> **WORK ITEM**:
Print the data below exactly, but only the lines from the one containing "Vibrant paisley backpack" down to the one containing "Connect Pylon to", inclusive.

> **DATA FOR THE TASK**:
§

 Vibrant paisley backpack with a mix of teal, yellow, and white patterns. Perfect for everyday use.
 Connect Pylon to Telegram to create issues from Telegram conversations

§

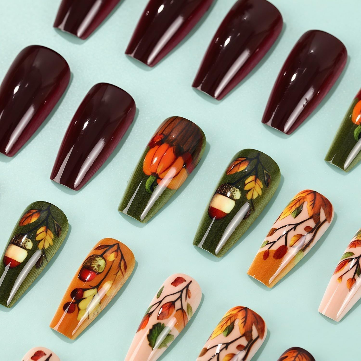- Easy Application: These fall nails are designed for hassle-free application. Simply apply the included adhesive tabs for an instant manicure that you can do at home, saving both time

§

> **ANSWER**:
 Vibrant paisley backpack with a mix of teal, yellow, and white patterns. Perfect for everyday use.
 Connect Pylon to Telegram to create issues from Telegram conversations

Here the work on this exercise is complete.